MTU sizes are properties of physical network interfaces. The MTU for Ethernet, for instance, is 1500 bytes. Some types of networks (like Token Ring) have larger MTUs, and some types have smaller MTUs. Higher-level network protocols like TCP/IP can be configured with a maximum packet size, but this setting is distinct from the physical MTU. The MTU of a network has important implications on the performance of computer communications as explained below.

In Microsoft Windows, the maximum packet size for protocols like TCP can be set in the Registry. If this value is set too low, streams of network traffic will be broken up into a relatively large number of small packets that adversely affects performance. If the maximum TCP packet size is set too high, it will exceed the network''s MTU and also degrade performance by requiring that each packet be subdivided into at least two smaller ones (a process known as fragmentation).

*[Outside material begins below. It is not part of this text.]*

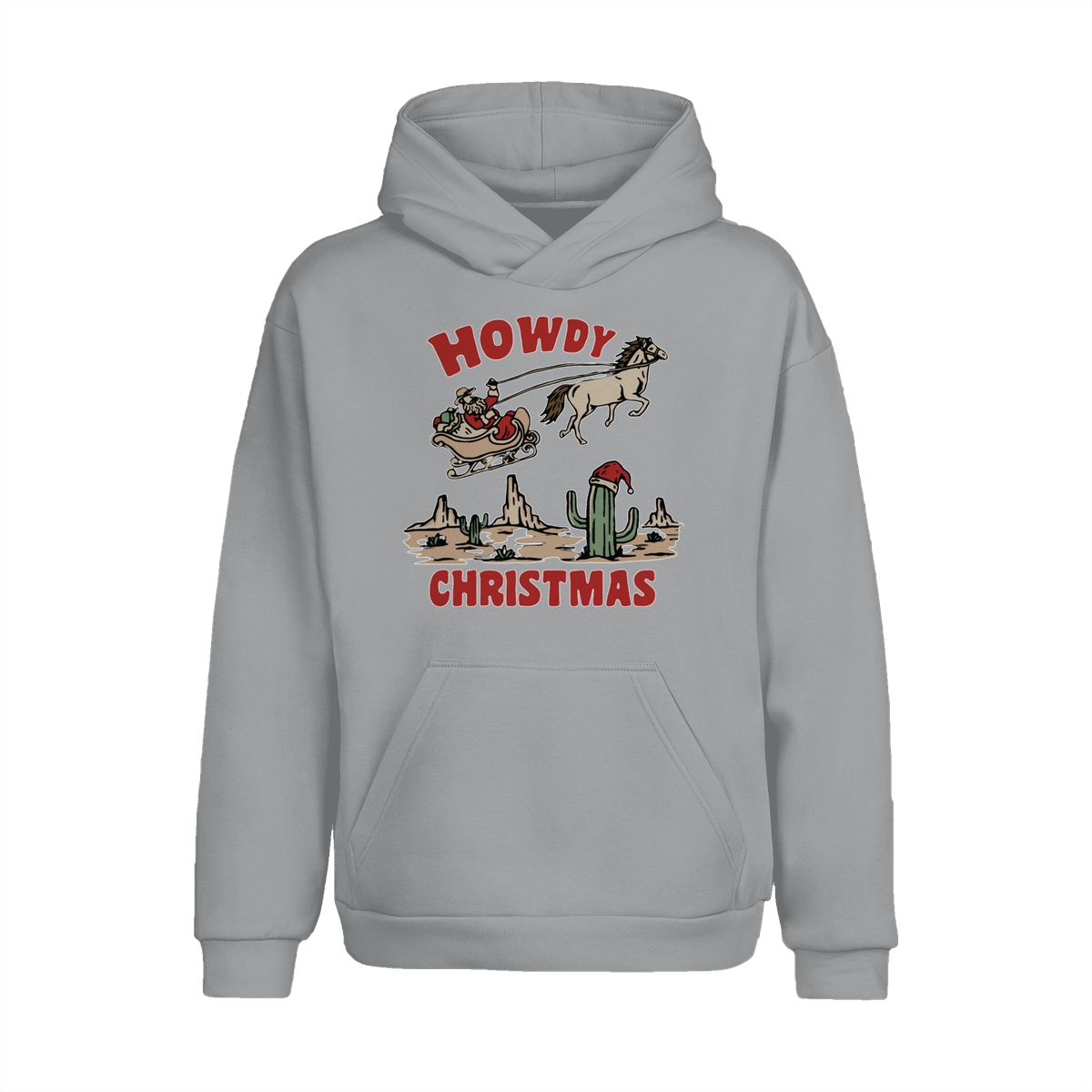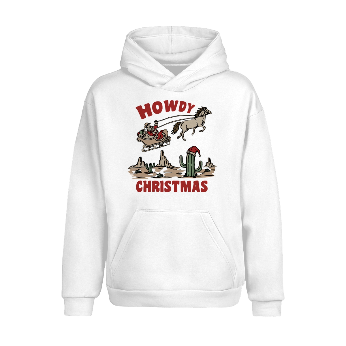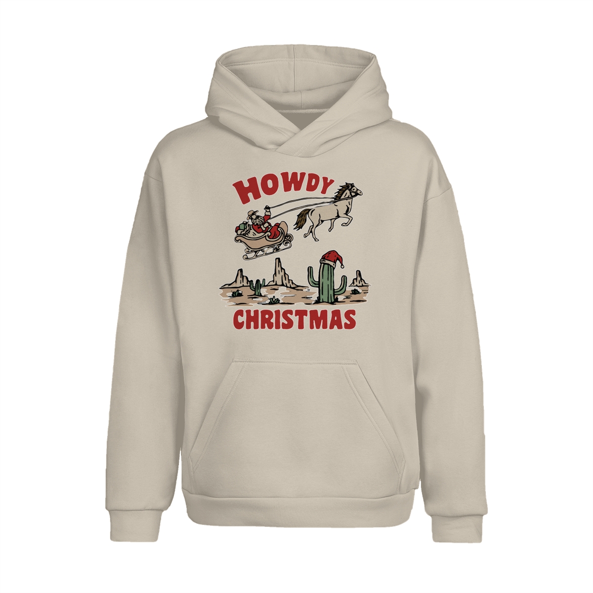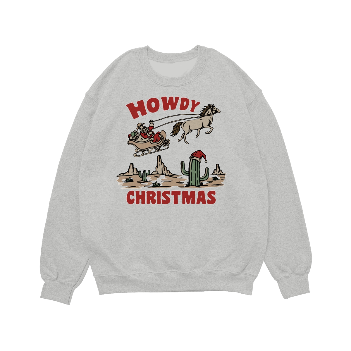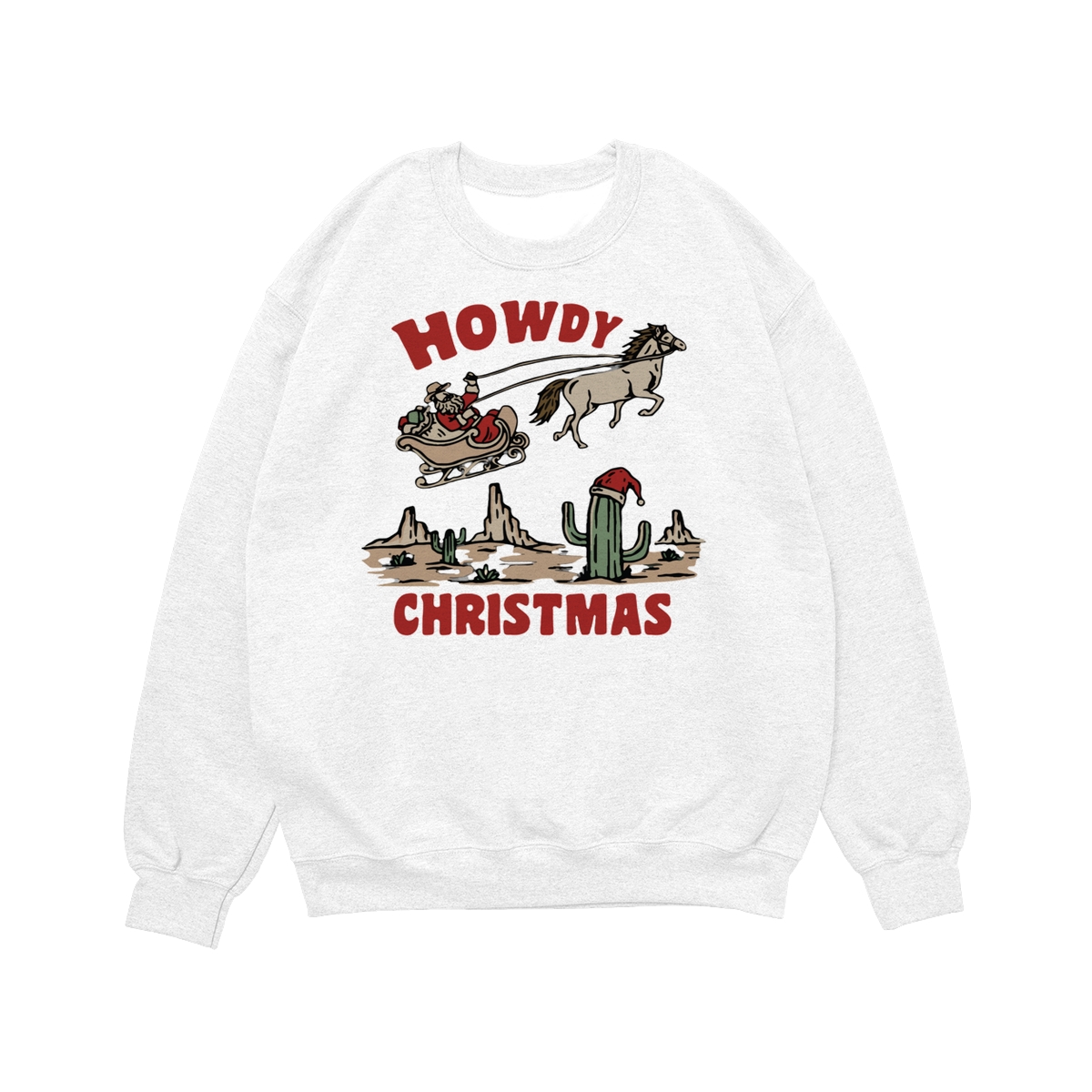 Howdy Christmas Sweatshirt – Cowboy Santa Riding Horse Sleigh in Desert Scene – Western Holiday Pullover & Funny Christmas Gift for Men and Women

Setting an optimal TCP packet size on home computers can be tricky. For communications within the home LAN, a setting of 1500 bytes to match the Ethernet MTU is optimal. Windows 95 uses a default of 1500 bytes for this reason. However, for communications over a dial-up connection to the Internet, the recommended MTU size is only 576 bytes. Windows 98 uses 576 bytes as its default for this reason. But high-speed connections (including DSL or cable service and home LANs) usually perform better at the higher value. Tuning the maximum packet size of TCP/IP also depends in important ways on two other related parameters named MSS and RWIN.